Assessing Financial Vulnerability in Emerging Economies: A Summary of Empirical Results
Morris Goldstein,Graciela L. Kaminsky,Carmen M. Reinhart 대외경제정책연구원 2000 East Asian Economic Review Vol.4 No.2
This paper aims to identify key empirical regularities in the run-up to banking and currency crises that would enable officials and private market participants to recognize vulnerability to financial crises at an earlier stage. This, in turn, should make it easier to motivate the corrective policy actions that would prevent such crises from actually taking place. Interest in identifying early warning indicators of financial crises has soared of late, stoked primarily by two factors. First, there is increasing recognition that banking and currency crises can be extremely costly to the countries in which they originate; in addition, these crises often spillover via a variety of channels to increase the vulnerability of other countries to financial crisis.
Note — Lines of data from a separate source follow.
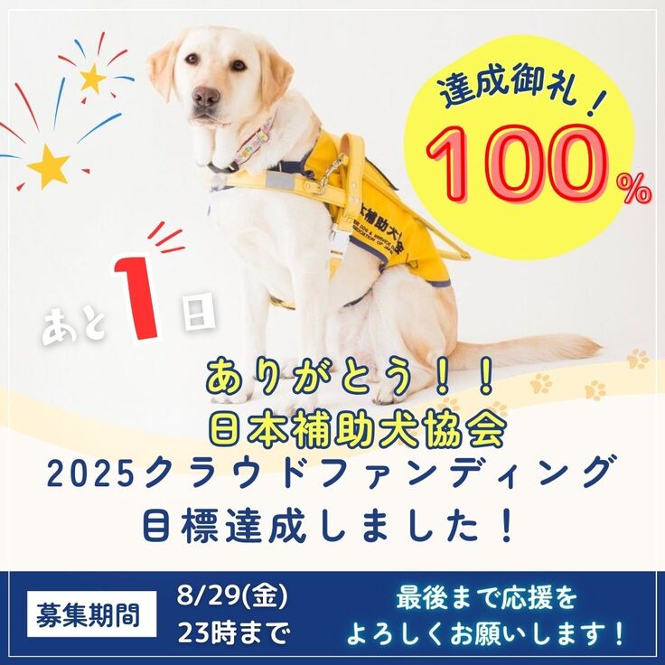 クラウドファンディング「ほじょ犬育成応援プロジェクト2025」は、終了1日前の本日8月28日に目標金額である13,000,000円に到達しプロジェクトを無事成功させることができました。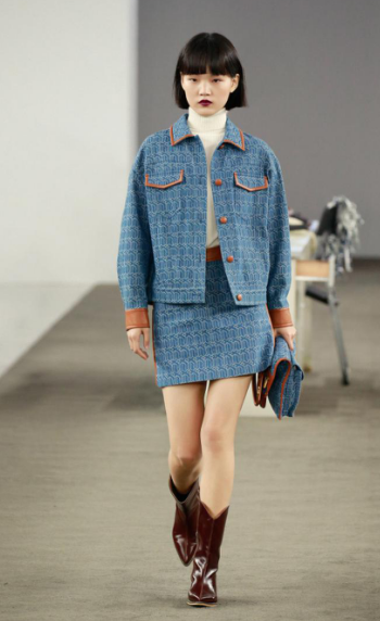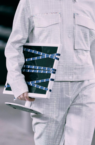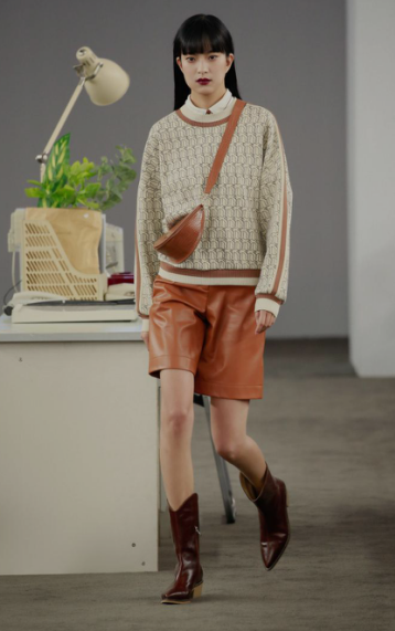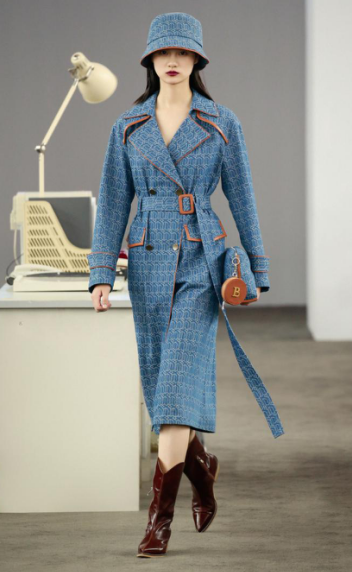 秀场上,XII BASKET MONOGRAM图案在时装表达上以双面提花、网格绣花、笔触印花等设计手法呈现出高级及考究的廓形:在针织衫上运用经过纯手工切割的古老工艺重构独特纹理;并用品牌的独特印花焕新风衣的年轻化表达。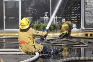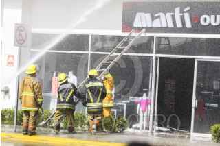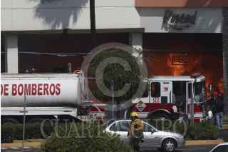 MÉXICO, DF., 06FEBRERO2014.- Un incendio se registró en la plaza comercial Sendero ubicada a un costado de la carretera México-Puebla desviación Ixtapaluca-Chalco. Personal de la SEDENA, Policía estatal, municipal, bomberos, paramedicos de la Cruz Roja y rescatistas del Estado de México y Distrito Federal acudieron a sofocar el fuego. El siniestro fue provocado por un corto circuito en una zapatería. FOTO: SAÚL LÓPEZ /CUARTOSCURO.COM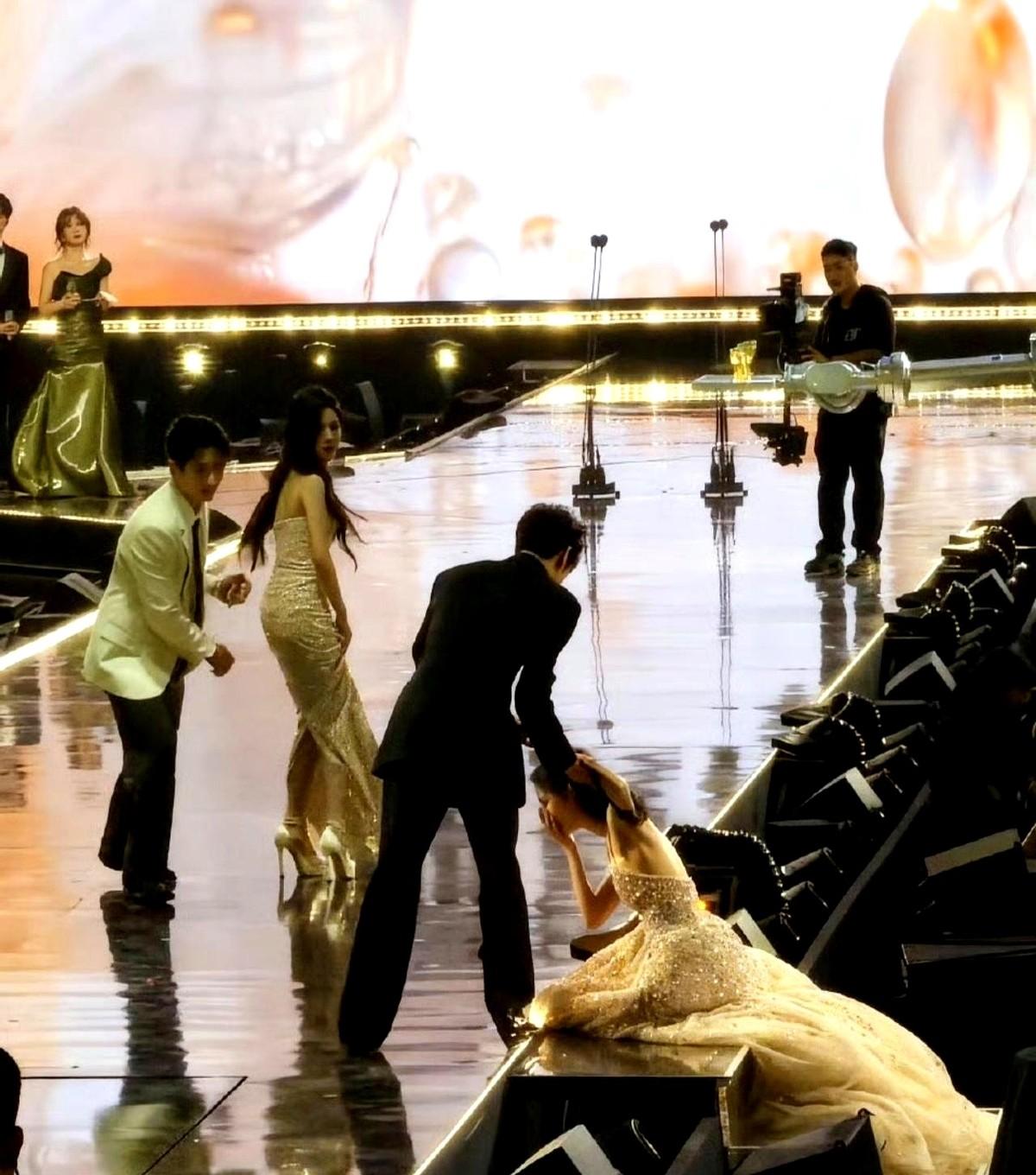 孟子义这一摔,直接摔成了年度神图。 2025年12月21日海南海口的星光大赏,孟子义跟着《尚公主》剧组领“年度最受期待剧集”奖。结果高跟鞋一勾裙摆,她整个人单膝重重磕在台阶上,那声音听着都疼。 可摄影师抓拍的瞬间绝了,白色鱼尾裙散开像花瓣,发丝飞扬,网友直呼“摔倒界天花板”,堪比詹妮弗·劳伦斯奥斯卡那一跤。这意外的美感,真不是演出来的。 旁边李昀锐慌张去扶,下台还紧盯她裙子,领奖感言里特意感谢“孟姐”。他俩CP话题“昀牵孟绕”阅读量直接破亿。台下丁禹兮老远都站起来了,想隔空扶一把那种。 她自己心态好,心态特别好。爬起来就自嘲去年也摔了,一句话把尴尬化解。事后发微博说“挺疼的,就是太丢人了”,圈粉无数。 这事儿还带火了“摔跤爆剧玄学”。她2023年摔完,《九重紫》就爆了。这次一摔,《尚公主》预约量立马破150万,刷新了纪录。 这一摔把剧的热度摔满了,孟姐以后可得注意脚下,大家都心疼呢。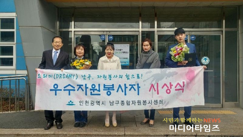 [미디어타임즈=문상수 기자] 인천 남구종합자원봉사센터는 4일 구청 대회의실에서 ‘2018년 1/4분기 우수자원봉사자 시상식’을 가졌다.으뜸자원봉사자로는 김미경(40·여), 노종환(24), 유현주(62·여), 윤혜경(51·여) 등 4명이 선정됐다.관교동 김미경씨는 전통 의상 체험관리와 민속문화놀이 체험, 어르신을 위한 무료급식 및 정서지원 등 지역사회 복지증진 공로를 인정받았다.주안동 노종환씨는 시민경찰 활동으로 청소년 선도 및 범죄예방 활동을 한 공로를 인정받았으며, 숭의동 유현주씨는 청소년 선도 활동, 어르신 무료 급식봉사활동 등 지역사회 발전을 위해 헌신한 공로를 인정받았다.문학동 윤혜경씨는 어려운 이웃을 위한 구호물품 전달, 세탁봉사, 장애인탁구협회 경기활동 등을 지원한 공로를 인정받았다.한편 남구자원봉사센터는 자원봉사 활성화를 위해 헌신하는 으뜸자원봉사자를 분기별로 선정, 남구청장 훈격의 표창을 통해 자원봉사자의 사회적 인정과 자긍심을 고취시키고 있다.

The second reason for the increased interest in early warning indicators of financial crises is that there is accumulating evidence that two of the most closely watched market indicators of default and currency risks-namely, interest rate spreads and changes in credit ratings- frequently do not provide much advance warning of currency and banking crises. The other reason why market prices may not signal impending crises is that there are often widely and strongly-held expectations of a bail-out of a troubled borrower by the official sector ?be it national or international. Dooley has stressed this point in several papers. If interest rate spreads and sovereign credit ratings only give advance warning of financial crises once in a while, increased interest attaches to the question of whether there are other early-warning indicators that would do a better job, and if so, what are they? This is one of the key questions we address in this paper.